**Task**
In the data below, one line contains "Vanessa puff-sleeve top" and a later one contains "Käyttämättömät polkimet. Pinnassa". Print both, with every line between them, exactly and alone.
*** Provided material Section Begins ***
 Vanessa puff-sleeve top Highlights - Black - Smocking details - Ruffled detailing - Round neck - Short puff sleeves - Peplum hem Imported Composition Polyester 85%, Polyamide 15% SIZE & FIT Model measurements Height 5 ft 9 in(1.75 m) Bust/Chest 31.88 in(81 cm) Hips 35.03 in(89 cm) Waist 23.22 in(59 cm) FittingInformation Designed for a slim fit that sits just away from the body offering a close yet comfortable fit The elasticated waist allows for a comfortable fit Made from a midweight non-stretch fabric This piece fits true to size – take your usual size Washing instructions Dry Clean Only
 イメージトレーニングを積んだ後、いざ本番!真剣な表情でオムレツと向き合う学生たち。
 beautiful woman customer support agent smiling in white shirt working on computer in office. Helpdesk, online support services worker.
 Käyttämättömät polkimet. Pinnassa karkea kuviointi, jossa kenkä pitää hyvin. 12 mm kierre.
*** Provided material Section Ends ***
*** Provided material Section Begins ***
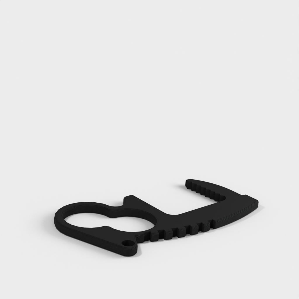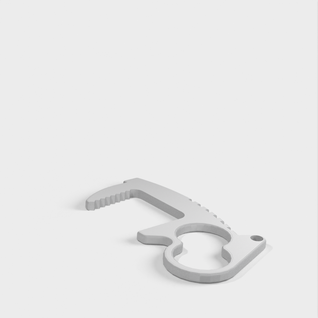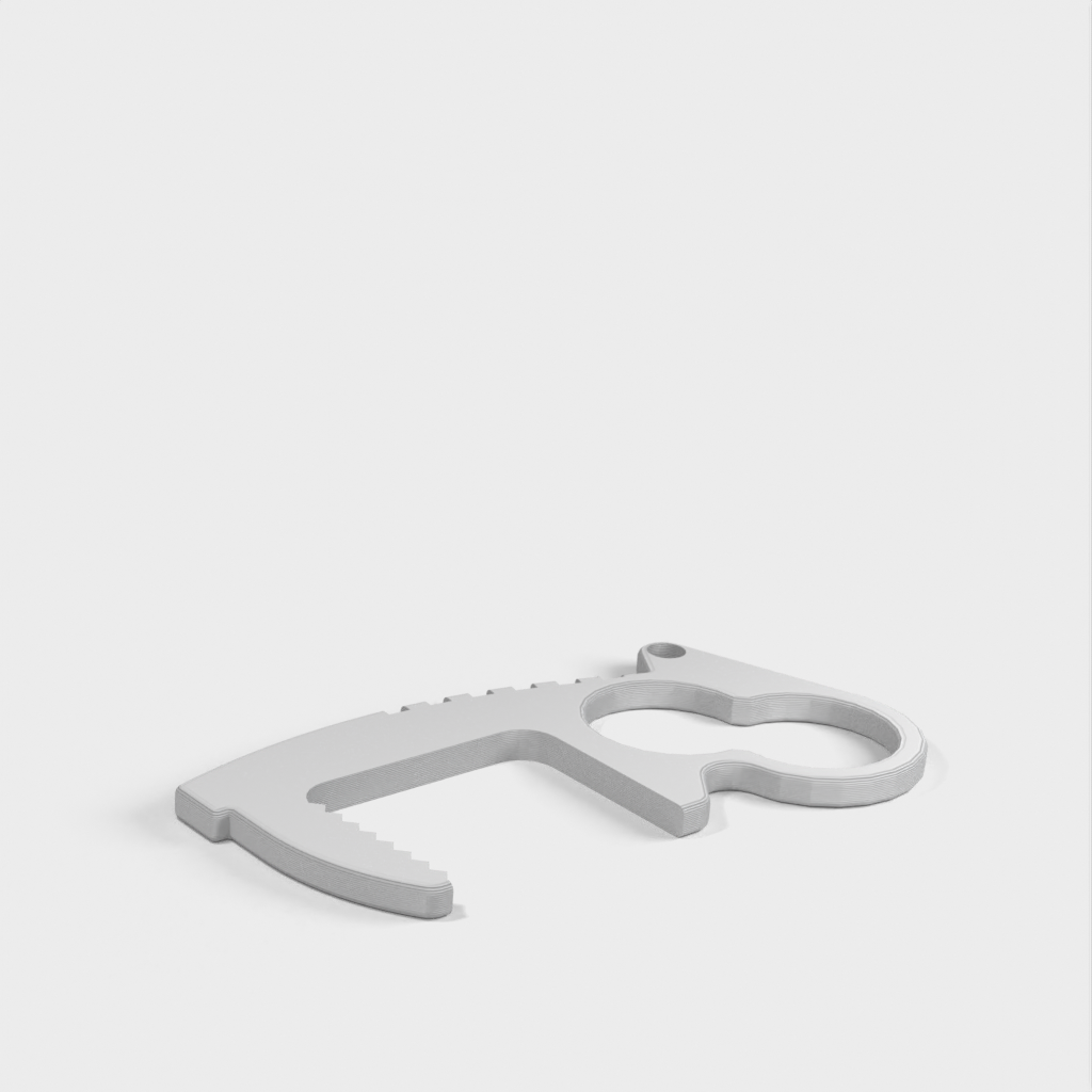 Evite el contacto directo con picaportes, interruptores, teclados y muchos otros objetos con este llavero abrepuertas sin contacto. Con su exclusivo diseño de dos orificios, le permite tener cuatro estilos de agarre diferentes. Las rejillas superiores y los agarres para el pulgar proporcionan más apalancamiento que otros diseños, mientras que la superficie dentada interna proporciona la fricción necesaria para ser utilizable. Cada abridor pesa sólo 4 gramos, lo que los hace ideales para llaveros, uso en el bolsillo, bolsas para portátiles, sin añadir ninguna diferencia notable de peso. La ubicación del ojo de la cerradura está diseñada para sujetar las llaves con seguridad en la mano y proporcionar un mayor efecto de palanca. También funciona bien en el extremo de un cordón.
*** Provided material Section Ends ***
*** Provided material Section Begins ***
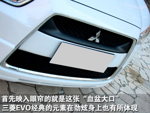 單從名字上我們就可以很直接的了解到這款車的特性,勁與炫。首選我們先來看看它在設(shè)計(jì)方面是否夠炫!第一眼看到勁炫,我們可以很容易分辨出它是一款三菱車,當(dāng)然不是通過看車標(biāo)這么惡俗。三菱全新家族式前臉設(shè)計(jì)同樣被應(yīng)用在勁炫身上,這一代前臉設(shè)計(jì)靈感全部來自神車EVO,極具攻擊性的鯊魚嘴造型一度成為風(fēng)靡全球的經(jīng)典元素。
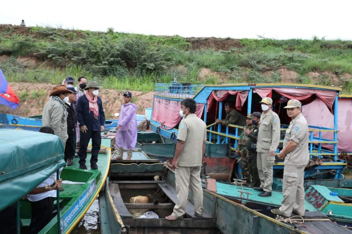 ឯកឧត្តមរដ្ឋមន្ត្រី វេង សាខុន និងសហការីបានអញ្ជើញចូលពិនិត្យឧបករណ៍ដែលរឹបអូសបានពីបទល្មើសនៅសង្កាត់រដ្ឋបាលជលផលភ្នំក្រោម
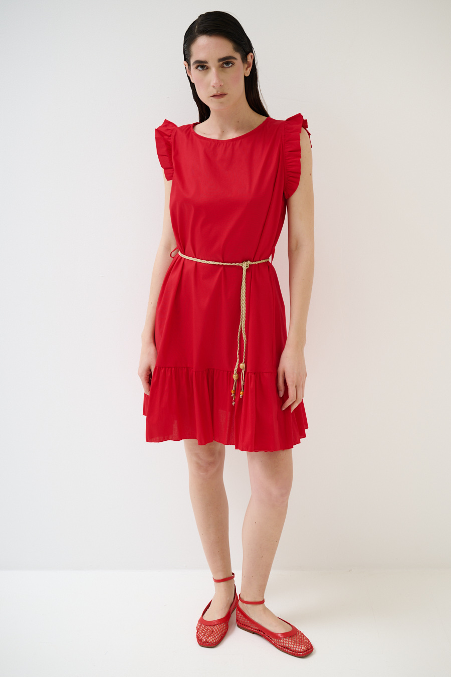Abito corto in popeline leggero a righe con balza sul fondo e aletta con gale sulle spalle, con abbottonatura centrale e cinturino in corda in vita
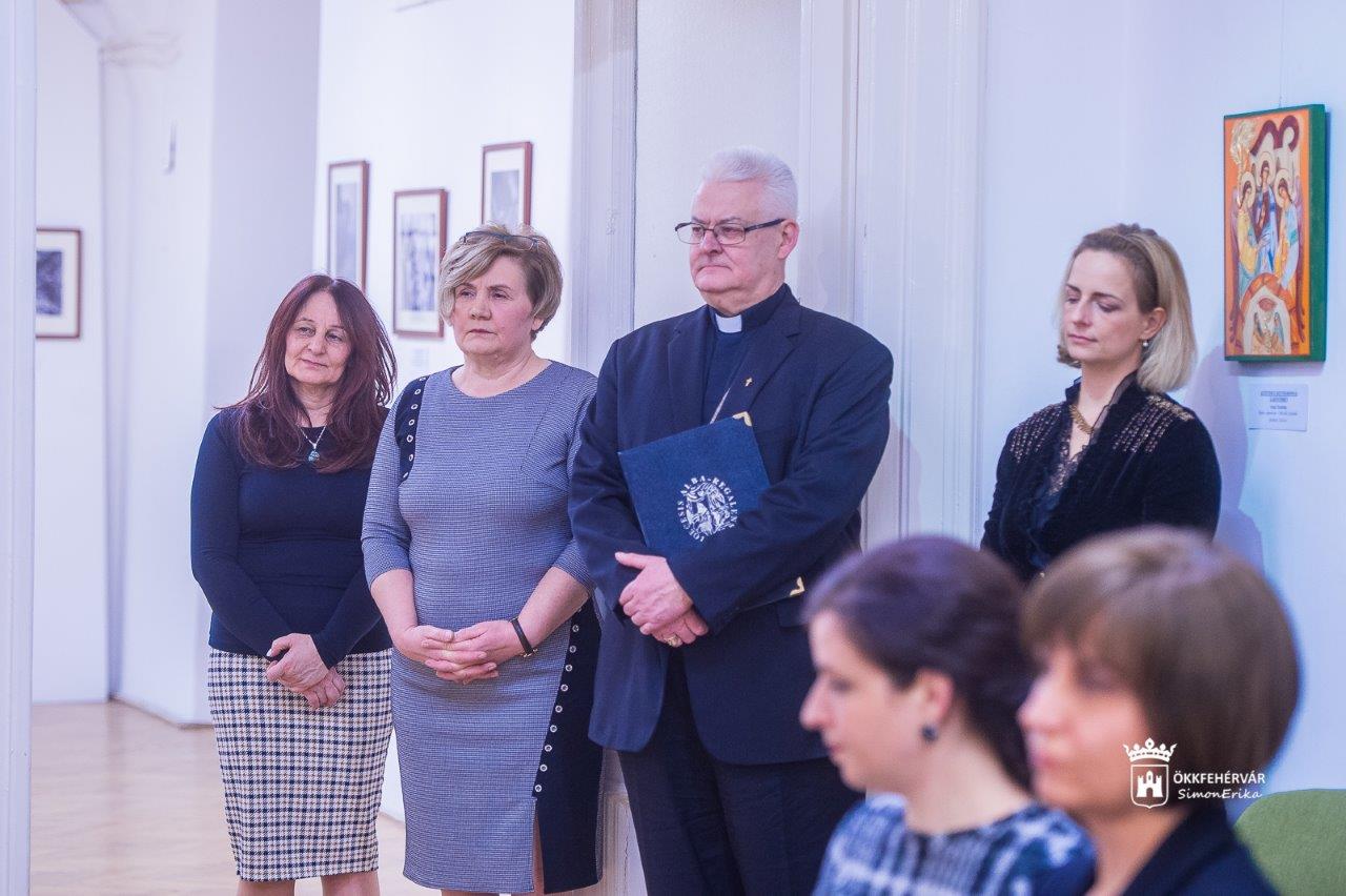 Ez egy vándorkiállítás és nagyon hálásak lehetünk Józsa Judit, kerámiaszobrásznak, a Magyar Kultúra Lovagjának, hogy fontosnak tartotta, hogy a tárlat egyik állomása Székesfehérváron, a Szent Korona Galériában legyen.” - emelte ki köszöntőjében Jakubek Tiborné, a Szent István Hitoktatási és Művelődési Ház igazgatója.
*** Provided material Section Ends ***
**Your response**
 Vanessa puff-sleeve top Highlights - Black - Smocking details - Ruffled detailing - Round neck - Short puff sleeves - Peplum hem Imported Composition Polyester 85%, Polyamide 15% SIZE & FIT Model measurements Height 5 ft 9 in(1.75 m) Bust/Chest 31.88 in(81 cm) Hips 35.03 in(89 cm) Waist 23.22 in(59 cm) FittingInformation Designed for a slim fit that sits just away from the body offering a close yet comfortable fit The elasticated waist allows for a comfortable fit Made from a midweight non-stretch fabric This piece fits true to size – take your usual size Washing instructions Dry Clean Only
 イメージトレーニングを積んだ後、いざ本番!真剣な表情でオムレツと向き合う学生たち。
 beautiful woman customer support agent smiling in white shirt working on computer in office. Helpdesk, online support services worker.
 Käyttämättömät polkimet. Pinnassa karkea kuviointi, jossa kenkä pitää hyvin. 12 mm kierre.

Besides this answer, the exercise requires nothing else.